По бумагам все хорошо, но стоило попасть на любой завод, как обнаруживали завал, цеха старые, а те, что построили два-три года назад, сбоят, оборудование ни к черту. Вот и получалось: сверху лак, а внутри гнилье. Павел Петрович все это знал, иногда приходил в глухое отчаяние, особенно после поездок в другие страны, видел, как мощно там идет технологическое переоснащение. Та же фирма Бастионова разработала много новинок, но машиностроители ловко увиливали от заказов, а свои заводы, которые служили базой для переоснащения, не тянули. Ни проработки на совещаниях, ни выговоры, ни предупреждения — ничто не действовало, ситуация складывалась не только тупиковая, но и неуправляемая. Да еще скверно с продовольствием, куда ни сунешься — везде нехватки: ни мяса, ни масла, ни овощей. На заводах, где директора побойчее, сумели создать подсобные хозяйства, хоть в столовых кормили хорошо. А если человеку на заработанное купить нечего, то спроси с него дело… Мир окрашивался далеко не в радужные тона, зато красивых слов вокруг звучало много, причем они составлялись в довольно разумные и броские лозунги. Но все равно надо было действовать, искать, стонать да охать легче всего. Искать. Но что?

Выбил его из колеи, казалось бы, заурядный случай. Павел Петрович возвращался из Лещиновки, где пускали новый цех. Министерство откупило весь мягкий вагон, потому что нужны были места и для ученых, и для журналистов…

Вот ведь как меняются времена! Когда был Кирьяк, то для него держали специальный вагон. Но ведь не в шутку его называли «министр-фундатор», об этом можно было говорить и всерьез, ведь Кирьяку поручили после совнархозов сбить отрасль. У него не было ни инженерного, ни экономического образования, даже о продукции отрасли он имел весьма смутное представление, выдвинулся из партийных работников. Он добился, чтобы ему выделили вагон, в котором, кроме кабинета и спальных мест, был салон, где собирались на обед или ужин, а то и просто, чтобы не терять времени в пути, заседали. Но вагон обветшал, ремонтировать его по каким-то соображениям не стали, а нового не дали.
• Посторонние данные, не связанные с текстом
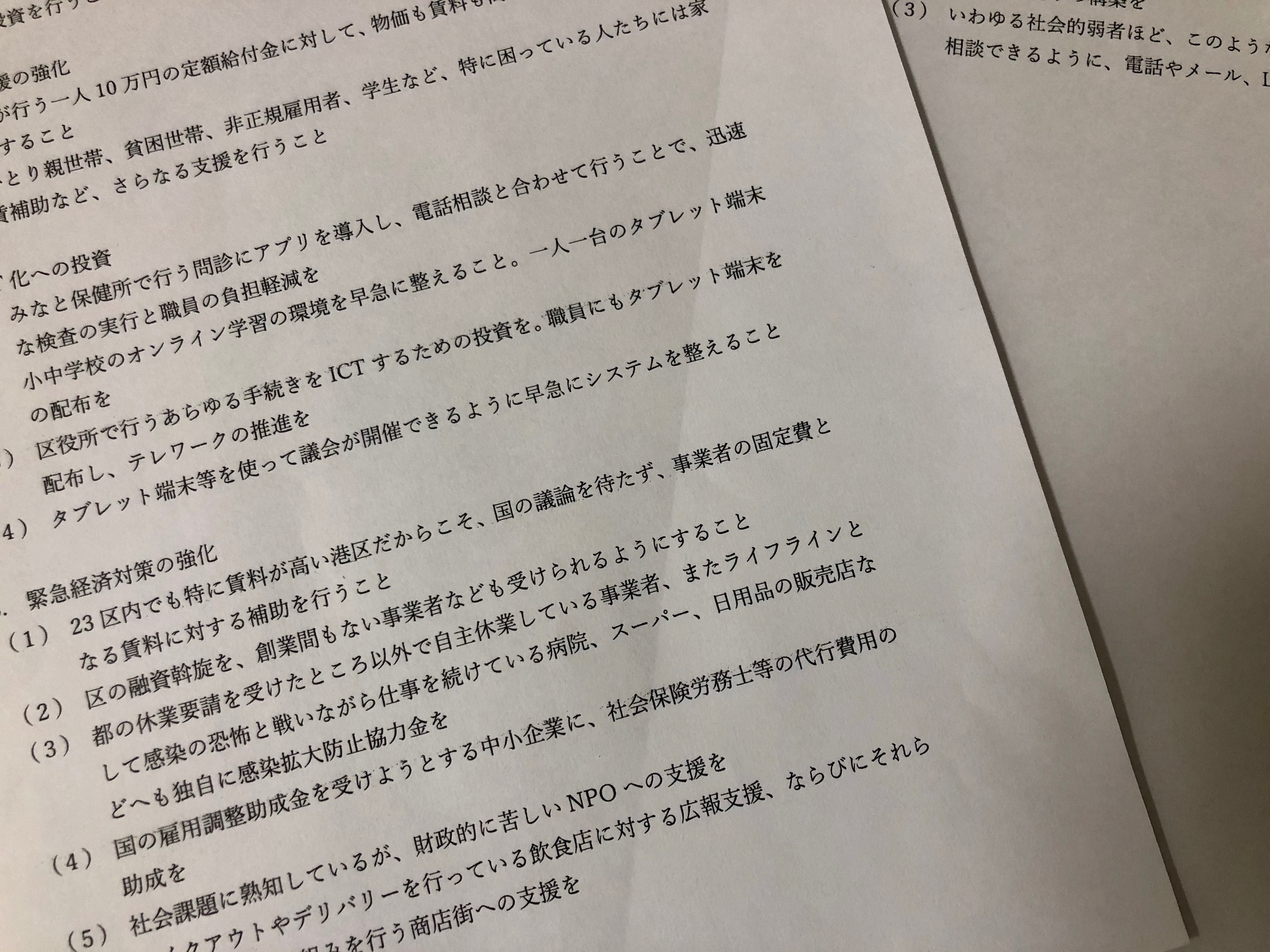 港区には、財政調整基金が523億円あります。これを積極的に取り崩して、生活支援、緊急経済対策等に港区独自の支援を行うこと。また、行政手続きや子どもの学習支援を含め、あらゆることをICT化するための投資を行うことを提案いたしました。

У Павла Петровича было отдельное купе, Клык расположился в соседнем.

День был утомительный, нужно было ложиться, но Павел Петрович ложиться не спешил. Где-то в конце вагона рокотали голоса, скорее всего, это не могли утихомириться журналисты. Конечно, надо было лечь, но он почему-то чувствовал: не уснет, тоска исподволь подбиралась к нему.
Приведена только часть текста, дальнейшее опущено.